4. The active suspension control method based on multi-source perception and occupant comfort optimization as described in claim 3, characterized in that, The dominant excitation frequency Determined in the following ways: right or In the prediction window Extracting a subsequence from the inner segment and performing a short-time Fourier transform yields the time spectrum. ,in ; make frequency band The accumulated energy; Dominant incentive frequency Take the satisfaction The lowest frequency, where η is the energy threshold coefficient.

5. The active suspension control method based on multi-source perception and occupant comfort optimization as described in claim 3, characterized in that, When solving the optimization problem of the objective function J, the following damping force change rate constraint is introduced to protect the actuator life: ; in, γ is the maximum permissible rate of change of damping force of the actuator; γ is the adjustment coefficient; This represents the target damping force output value of the adjustable damping shock absorber of the left / right front wheel during the kth control cycle.
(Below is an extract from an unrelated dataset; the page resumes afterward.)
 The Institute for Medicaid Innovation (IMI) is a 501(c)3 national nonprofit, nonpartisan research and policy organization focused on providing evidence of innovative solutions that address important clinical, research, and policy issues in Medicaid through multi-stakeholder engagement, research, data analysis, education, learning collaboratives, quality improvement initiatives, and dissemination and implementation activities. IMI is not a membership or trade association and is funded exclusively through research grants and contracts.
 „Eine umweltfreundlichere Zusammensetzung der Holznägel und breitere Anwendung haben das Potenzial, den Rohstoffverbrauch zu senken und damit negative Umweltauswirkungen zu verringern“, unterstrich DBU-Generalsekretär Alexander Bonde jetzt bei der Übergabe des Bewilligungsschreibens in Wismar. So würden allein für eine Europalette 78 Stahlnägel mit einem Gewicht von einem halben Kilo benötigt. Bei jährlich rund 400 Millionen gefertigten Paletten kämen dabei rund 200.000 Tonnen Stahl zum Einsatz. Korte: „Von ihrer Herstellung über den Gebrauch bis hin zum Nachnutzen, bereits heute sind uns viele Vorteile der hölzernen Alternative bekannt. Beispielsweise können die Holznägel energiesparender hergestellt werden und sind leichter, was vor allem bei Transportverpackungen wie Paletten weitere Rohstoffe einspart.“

The tire-road friction coefficient at the corresponding wheel-end contact point within the current prediction time domain.

6. The active suspension control method based on multi-source perception and occupant comfort optimization as described in claim 2, characterized in that, The high frequency threshold and low frequency threshold Dynamically adjust based on the current vehicle speed v: ; ; in, This is the preset reference speed; , This is a preset reference threshold; When v < 20 km / h, forced =1.0Hz, =12.0 Hz, to cover low-speed, large-fluctuation operating conditions.
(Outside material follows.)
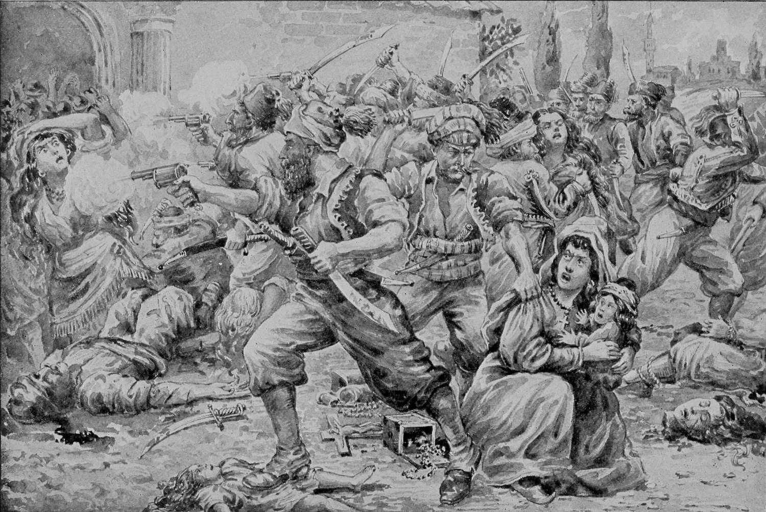 The cruelty towards priests and women, the two non-combatant classes, has been bitterest of all. Because the priest represented the detested religion of Christ, he has been not only slain but mutilated, and the sign of the cross cut in his forehead by murderous swords, and because Mohammedans believe before all things in the harem rather than the home, a brutal soldiery has spared neither the wife, the mother, nor the babe unborn. Outrages worse than death have been endured by women, always preceded by the promise that they would be spared if they would abjure their faith, but in no instance have they hesitated to face their double agony rather than disclaim allegiance to the Cross.

7. The active suspension control method based on multi-source perception and occupant comfort optimization as described in claim 1, characterized in that, In step S4, the system execution delay Δt includes the actuator response delay and the computation delay of the sensing-prediction link; for or When performing time compensation, an interpolation alignment strategy is adopted, including: Let the original instruction sequence be i=0,1,…,M , The sampling interval; The compensated instruction at time The value is calculated using linear interpolation: ; in, To compensate, at time The target damping force command value is output at the location; In the original damping force command sequence, at the sampling time Discrete instruction values; To meet Maximum sampling time; This is the start time of the original instruction sequence.

8. The active suspension control method based on multi-source perception and occupant comfort optimization as described in claim 1, characterized in that, In step S3, the objective of occupant comfort optimization is to minimize the root mean square value of vertical acceleration at the vehicle body center of gravity or the driver's seat rail.
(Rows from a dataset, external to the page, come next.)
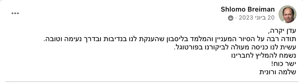 חוויה שהיא הרבה מעבר לסיור רגיל, ומספר המקומות בכל סיור מוגבל. זו ההזדמנות שלכם - לחוות את פורטוגל כפי שיודעי דבר זכו. צרו איתי קשר והבטיחו את מקומכם בהקדם!
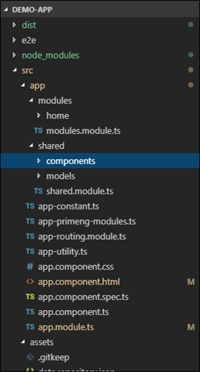 For listing PrimeNG modules, I’ve added a new module named app-primeng.module.ts & added the reference of this to our application main module i.e. in shared.module.ts file.
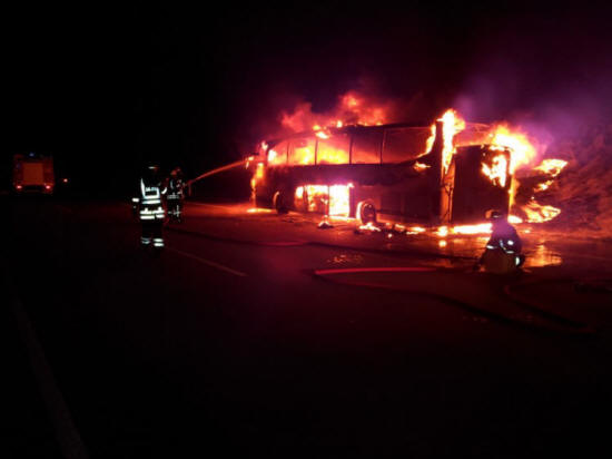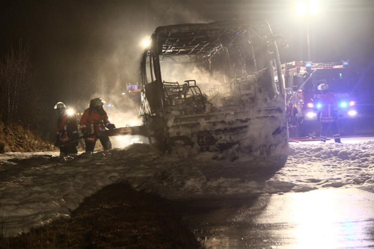 Reisebus ausgebrannt Schülergruppe auf Rückweg aus dem Allgäu

9. The active suspension control method based on multi-source perception and occupant comfort optimization as described in claim 1, characterized in that, In S1, the processing of road point cloud data and road images includes: Semantic segmentation is performed on road surface images to identify the road surface material type and condition, and the tire-road friction coefficient μ is estimated accordingly. The tire-road friction coefficient μ is spatiotemporally aligned with the road point cloud data to generate a data set containing location coordinates. Elevation and tire-road friction coefficient Comprehensive pavement feature matrix .

10. The active suspension control method based on multi-source perception and occupant comfort optimization as described in claim 1, characterized in that, In step S1, the road surface point cloud data is used to characterize the geometric features of the road surface, and the road surface image is used to characterize the physical features of the road surface.